Respondeat superior (Latin: “Let the master answer”), sometimes called the “master-servant”
or the “Captain of the ship” relationship, is the legal doctrine
that holds an employer responsible for the actions of its employees or
agents. Law historians can trace its origins back to the Roman Empire,
where masters (“owners”) could be forced to pay compensation
to anyone who had suffered some loss due to the actions of one of his
or her servants. Over the centuries this “vicarious liability”
has been expanded, or limited, in accordance with the prevailing social
and political beliefs of a given nation or society. As it is usually understood
today in the United States,
respondeat superior refers to the liability of an employer for the actions of its employees.

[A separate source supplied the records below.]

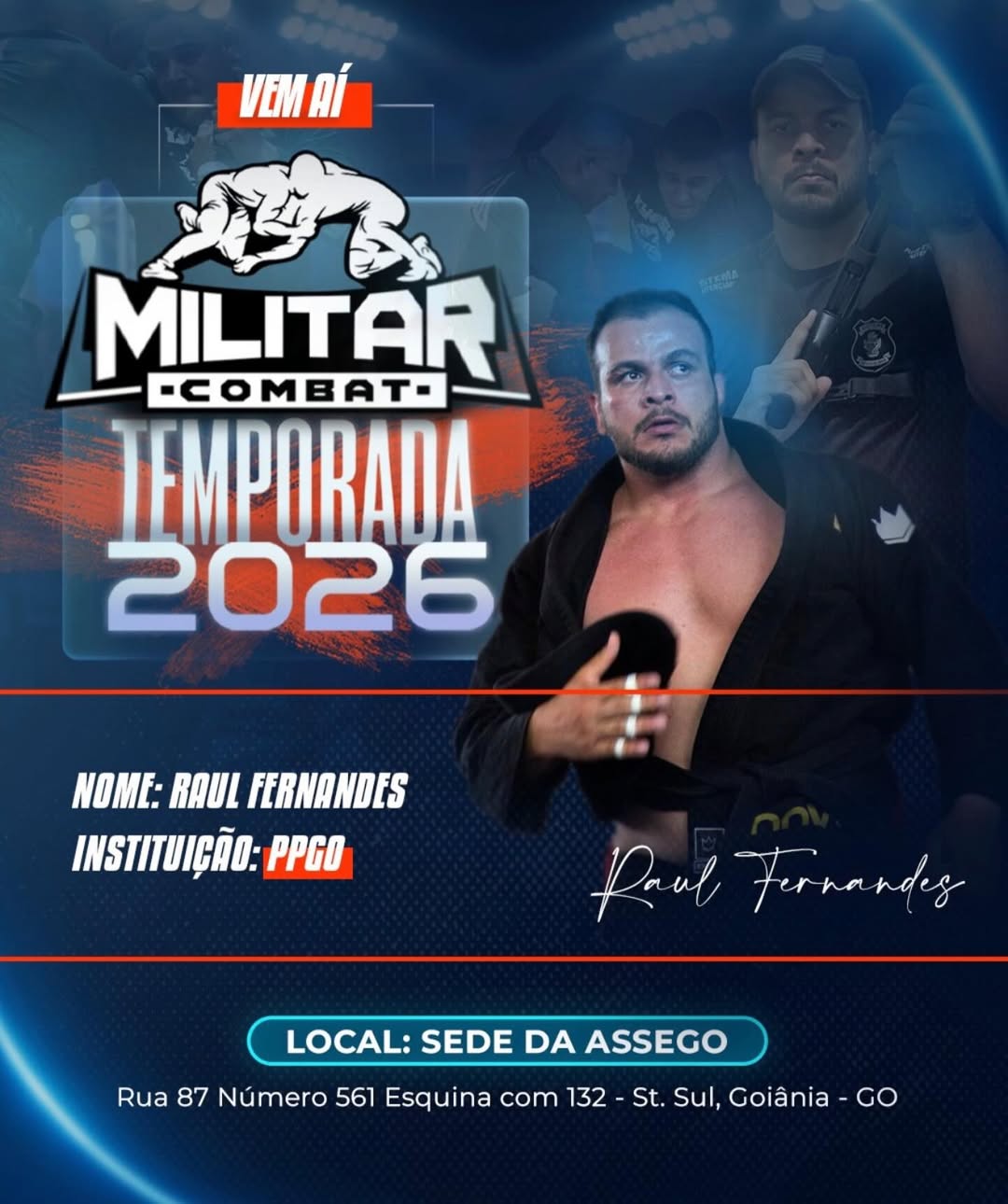 Além do Pan IBJJF, o atleta goiano Raul Fernandes também estará presente no Militar Combat 2026, competição que será realizada na ASSEGO, reunindo atletas de alto nível ligados às forças de segurança e convidados especiais.
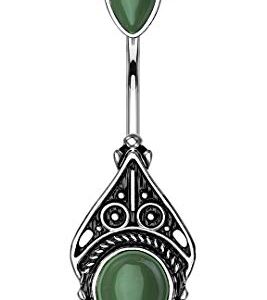 Forbidden Body Jewelry Surgical Steel Tribal Vintage Filigree Belly Button Ring with Faux Semi-Precious Stones
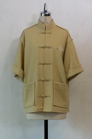 共地でできたチャイナボタンと胸のワッペン刺繍がポイント。
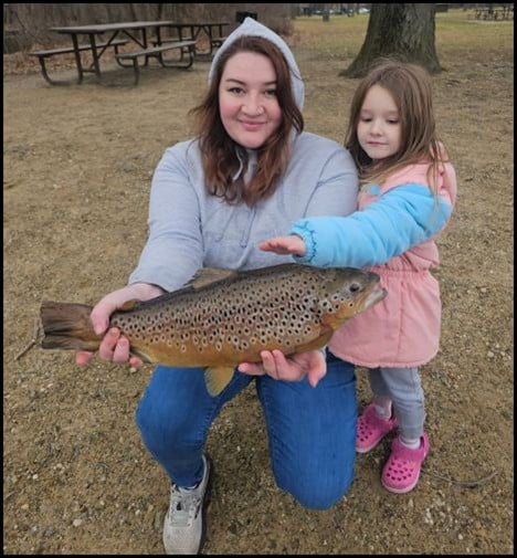 Jessica was excited to catch this large brown trout casting a spoon at Wallace Lake (photo courtesy of James Krasula).

Does respondeat superior apply in every trucking accident?
Many people are under the impression that an employer is automatically
liable for anything that its employees may do, but this is not the case.
To sue an employer, the accident victim (plaintiff) must be able to show
that there is evidence which will prove that:
1. The person who caused the accident meets the legal requirements to be
considered an employee.
The classic test of employee status has long been “Who is signing
the paycheck?” If an employer is paying wages, a fixed salary, or
a commission to an individual, then that individual will usually be held
to be an employee. Payments made by a business to an independent contractor
or to a subcontractor are generally not taken as sufficient to establish
an employer-employee relationship. There are some exceptions to this generalization,
and these exceptions should be explained by a personal injury lawyer.
2. The employee must have been performing their regular job duties at the
time of the accident.
In addition to the requirement that the employee must be performing the
“usual and customary” duties of his or her employment at the
time the accident occurred, some courts have held that if an employee
has use of a company-owned vehicle for employment purposes, the employee
may be considered to have been “on the job” while driving
to or from the employee’s residence to place of employment or job site.
3. The accident was a direct result of the employee’s actions and
those actions could be seen as acts of negligence.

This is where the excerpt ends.